* _What you are asked to do_:
Below is a set of records, and all of them should be retyped exactly, minus the pictures.
Start of Given records
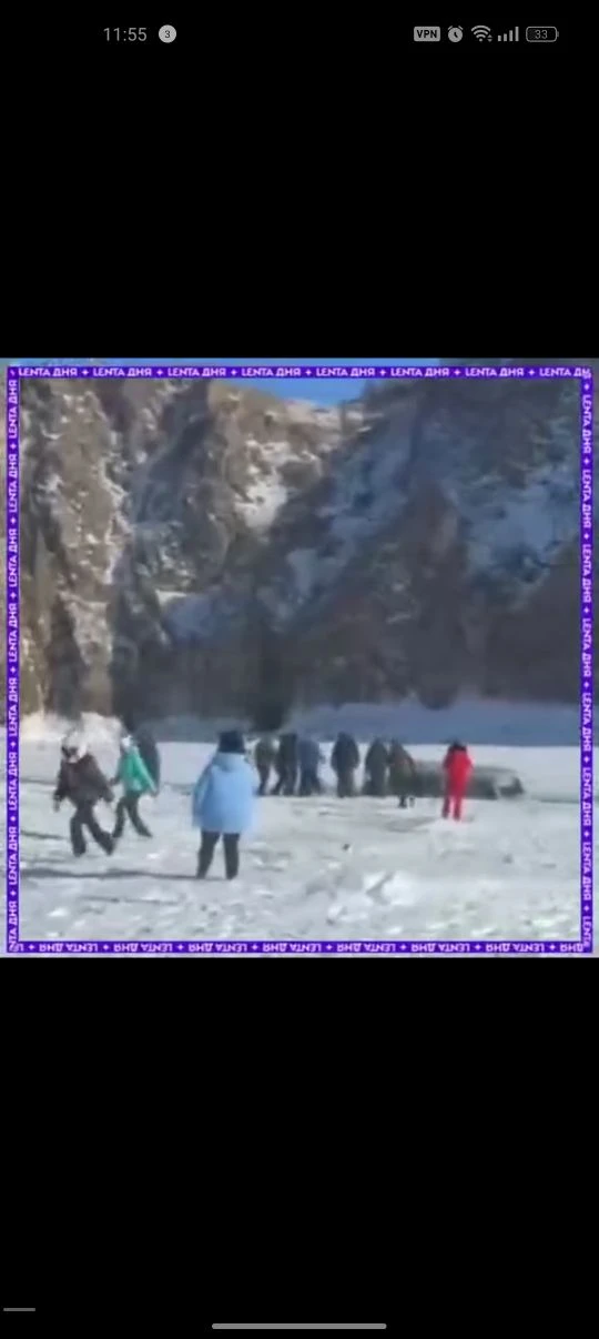 В сети появилось видео трагедии на озере Байкал, где автомобиль УАЗ с китайскими туристами провалился под лёд.
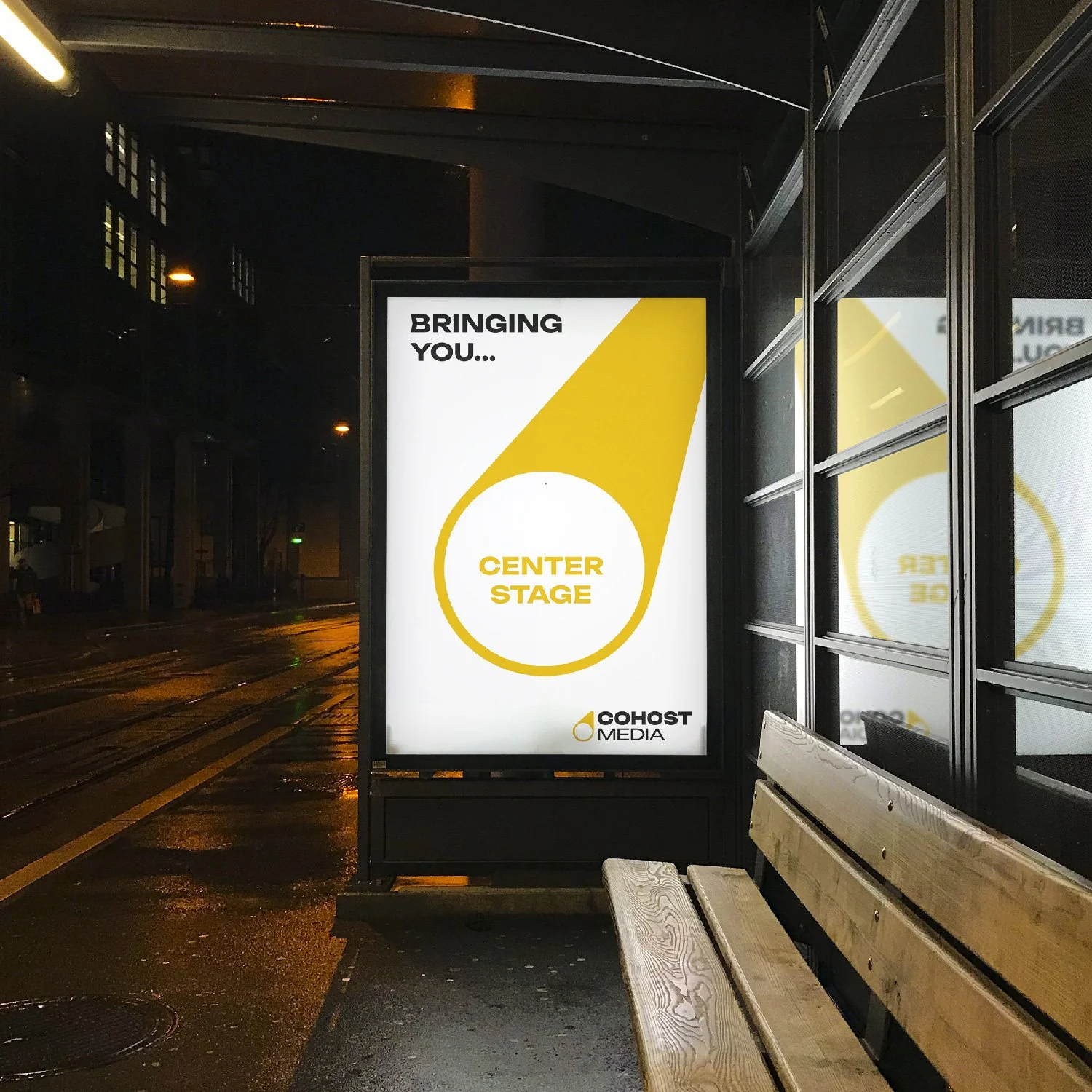 When designing a minimalistic visual identity, it’s difficult to differentiate the brand with the color palette and typography alone. Cohost required a distinctive visual element that could unify the brand and call back to the original logo. Since the logomark is a spotlight, I thought of manipulating its shape, by distorting, rotating, and stretching the spotlight (while maintaining the shape of the circle). This adaptation allows the spotlight to be versatile across various applications, such as marketing materials and merchandise, while feeling connected to the logomark. It can also be used in an animated application with the spotlight moving across different parts of the screen revealing different text and images. This idea brought Cohosts identity to life and truly separated them within their industry.
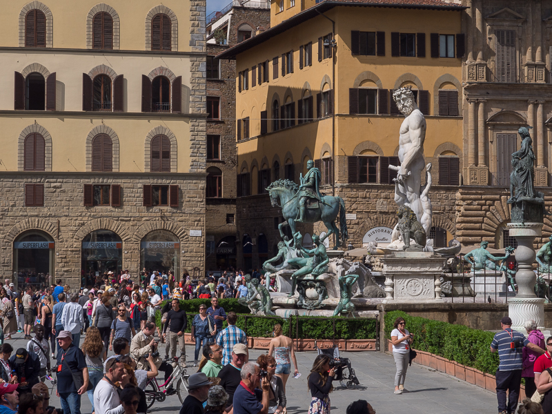 在旅舍洗過熱水澡後,可以舒舒服服地前往觀光。在接待處拿了一份觀光地圖,再來決定第一個目的地。阿諾河(Arno)分隔了旅舍與市中心,過河後可以沿著河邊走,或是沿著橫街窄巷走。因為比較近河邊,先前往領主廣場 (Piazza della Signoria,再到大教堂去。
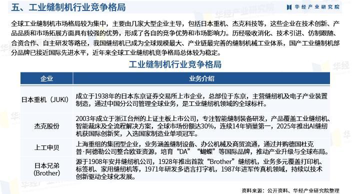 全球工业缝制机市场格局较为集中,主要由几家大型企业主导,包括日本重机、杰克科技等,这些企业在技术创新、产品品质和市场拓展方面具有较强的优势,形成了各自的竞争优势和市场影响力。历经吸收消化、技术引进、仿制跟随、合资合作、自主研发等路径,我国缝纫机已成为全球规模最大、产业链最完善的缝制机械工业体系,国产工业缝制机部分品牌已接近国际先进水平,近年来全球工业缝纫机竞争格局总体较为稳定。
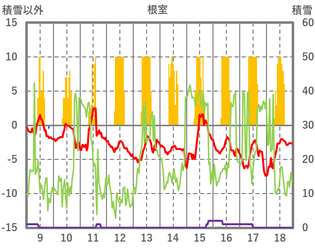 | 日 | 時 | 気温 | 降水 | 風向/風速 | 日照 | 積雪 | 降雪 |
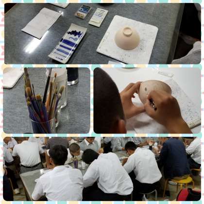 事前に学校でデザインしたものを素焼きの陶器にクレヨンや筆で絵付けしていきます。
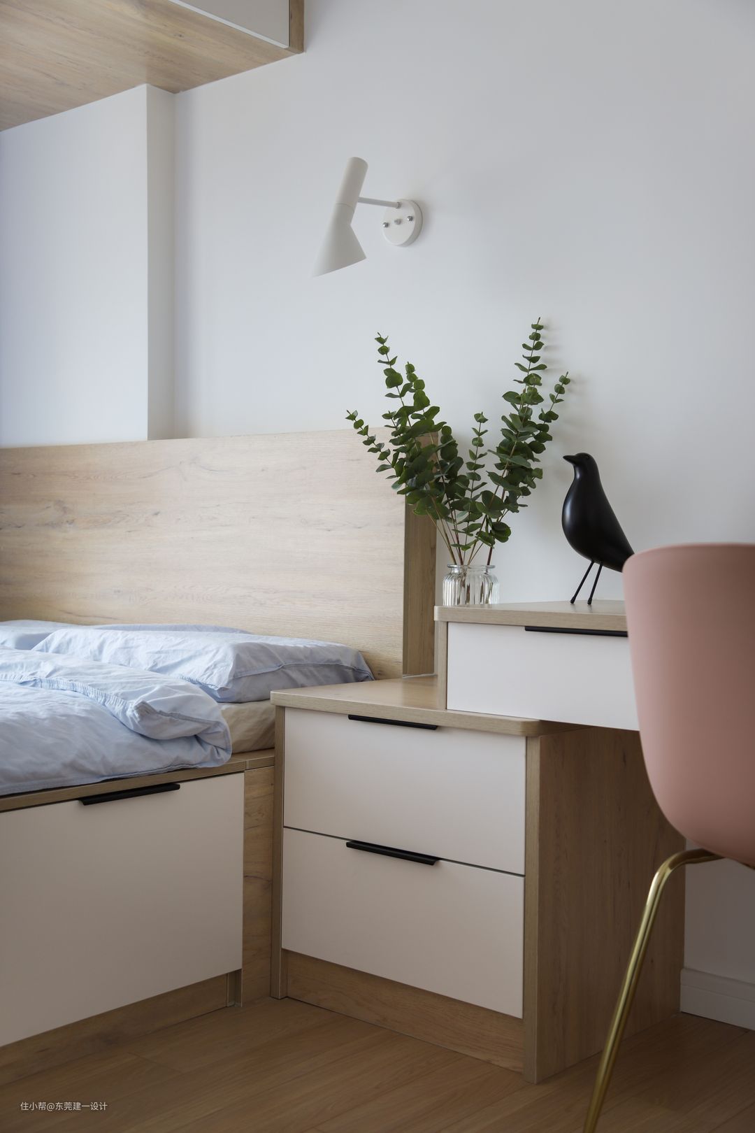 整体搭配以原木色+白色,营造整体性。
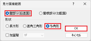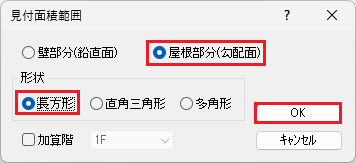 作業ウィンドウ内で1回右クリックすると[見付面積範囲]ダイアログが表示されます。[見付面積範囲]ダイアログの[キャンセル]ボタンをクリックしてもコマンドを終了できます。
End of Given records
* _Exercise response_:
 В сети появилось видео трагедии на озере Байкал, где автомобиль УАЗ с китайскими туристами провалился под лёд.
 When designing a minimalistic visual identity, it’s difficult to differentiate the brand with the color palette and typography alone. Cohost required a distinctive visual element that could unify the brand and call back to the original logo. Since the logomark is a spotlight, I thought of manipulating its shape, by distorting, rotating, and stretching the spotlight (while maintaining the shape of the circle). This adaptation allows the spotlight to be versatile across various applications, such as marketing materials and merchandise, while feeling connected to the logomark. It can also be used in an animated application with the spotlight moving across different parts of the screen revealing different text and images. This idea brought Cohosts identity to life and truly separated them within their industry.
 在旅舍洗過熱水澡後,可以舒舒服服地前往觀光。在接待處拿了一份觀光地圖,再來決定第一個目的地。阿諾河(Arno)分隔了旅舍與市中心,過河後可以沿著河邊走,或是沿著橫街窄巷走。因為比較近河邊,先前往領主廣場 (Piazza della Signoria,再到大教堂去。
 全球工业缝制机市场格局较为集中,主要由几家大型企业主导,包括日本重机、杰克科技等,这些企业在技术创新、产品品质和市场拓展方面具有较强的优势,形成了各自的竞争优势和市场影响力。历经吸收消化、技术引进、仿制跟随、合资合作、自主研发等路径,我国缝纫机已成为全球规模最大、产业链最完善的缝制机械工业体系,国产工业缝制机部分品牌已接近国际先进水平,近年来全球工业缝纫机竞争格局总体较为稳定。
 | 日 | 時 | 気温 | 降水 | 風向/風速 | 日照 | 積雪 | 降雪 |
 事前に学校でデザインしたものを素焼きの陶器にクレヨンや筆で絵付けしていきます。
 整体搭配以原木色+白色,营造整体性。
 作業ウィンドウ内で1回右クリックすると[見付面積範囲]ダイアログが表示されます。[見付面積範囲]ダイアログの[キャンセル]ボタンをクリックしてもコマンドを終了できます。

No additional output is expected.